EXERCISE REQUIREMENTS: The required output is the exact run of lines from the one that contains "Ezra Boho Mustard" to the end of the data, with every picture left out.

SOURCE DATA:
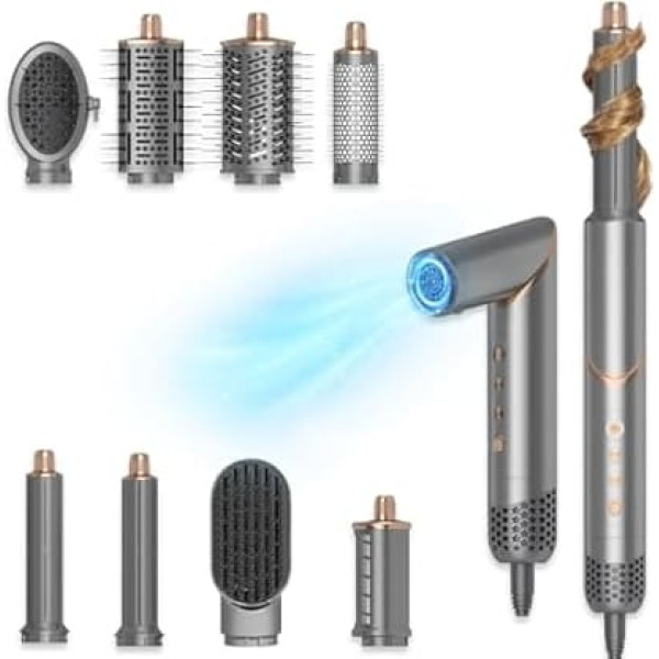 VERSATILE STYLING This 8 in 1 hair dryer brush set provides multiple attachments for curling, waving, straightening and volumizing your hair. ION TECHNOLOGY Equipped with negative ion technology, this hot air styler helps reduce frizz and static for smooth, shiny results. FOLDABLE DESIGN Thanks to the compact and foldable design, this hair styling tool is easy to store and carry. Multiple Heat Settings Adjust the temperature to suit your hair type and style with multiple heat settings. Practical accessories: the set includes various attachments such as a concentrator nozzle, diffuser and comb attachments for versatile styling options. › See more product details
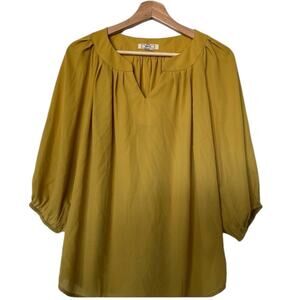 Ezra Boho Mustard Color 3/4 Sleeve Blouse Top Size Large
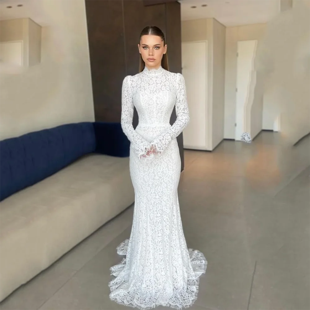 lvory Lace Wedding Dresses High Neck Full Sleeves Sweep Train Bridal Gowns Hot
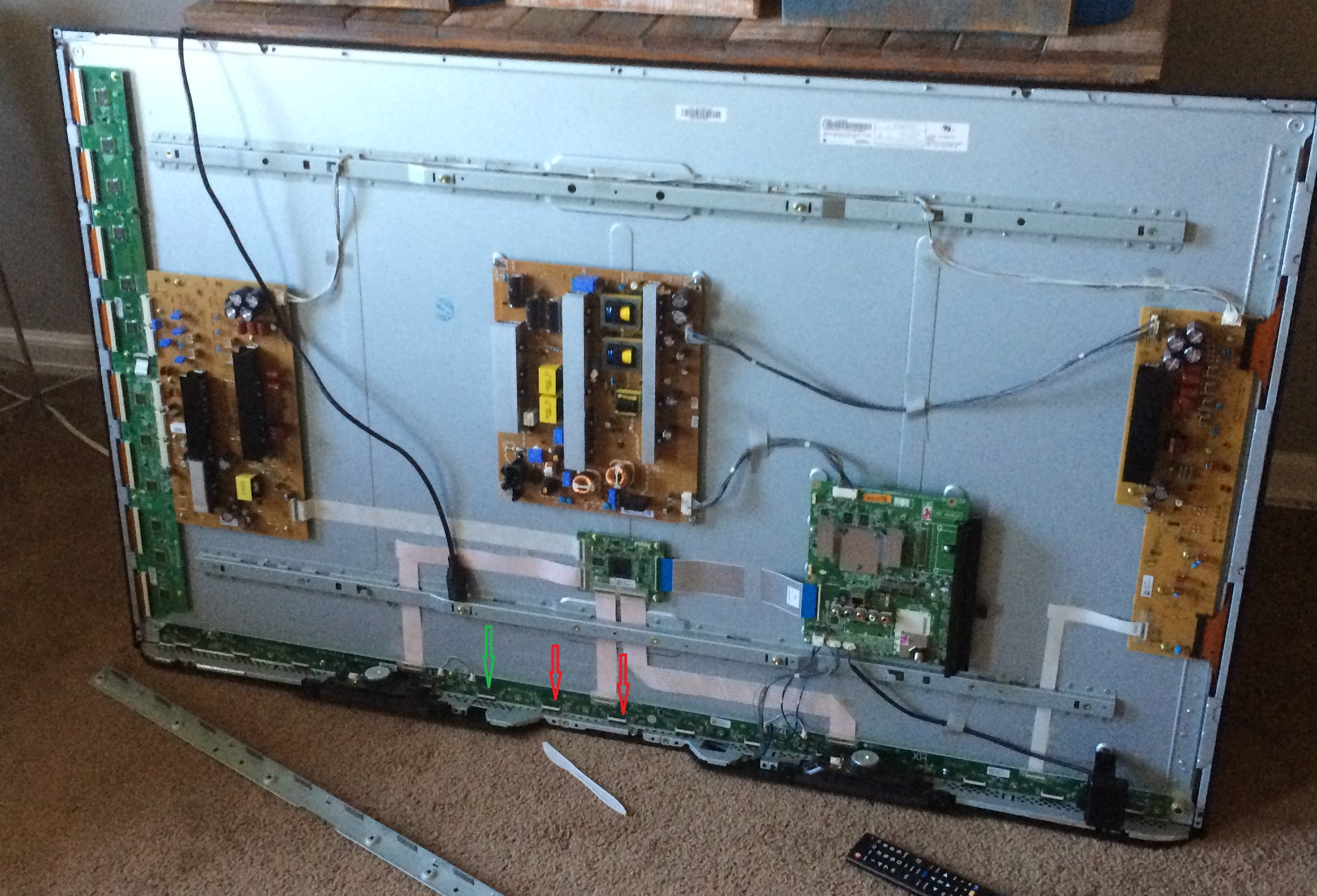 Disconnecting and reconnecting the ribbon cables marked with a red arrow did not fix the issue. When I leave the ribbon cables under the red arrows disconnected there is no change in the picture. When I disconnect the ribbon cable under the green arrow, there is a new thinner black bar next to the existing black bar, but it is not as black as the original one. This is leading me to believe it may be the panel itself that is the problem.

RESULT FOR THIS TASK:
 Ezra Boho Mustard Color 3/4 Sleeve Blouse Top Size Large
 lvory Lace Wedding Dresses High Neck Full Sleeves Sweep Train Bridal Gowns Hot
 Disconnecting and reconnecting the ribbon cables marked with a red arrow did not fix the issue. When I leave the ribbon cables under the red arrows disconnected there is no change in the picture. When I disconnect the ribbon cable under the green arrow, there is a new thinner black bar next to the existing black bar, but it is not as black as the original one. This is leading me to believe it may be the panel itself that is the problem.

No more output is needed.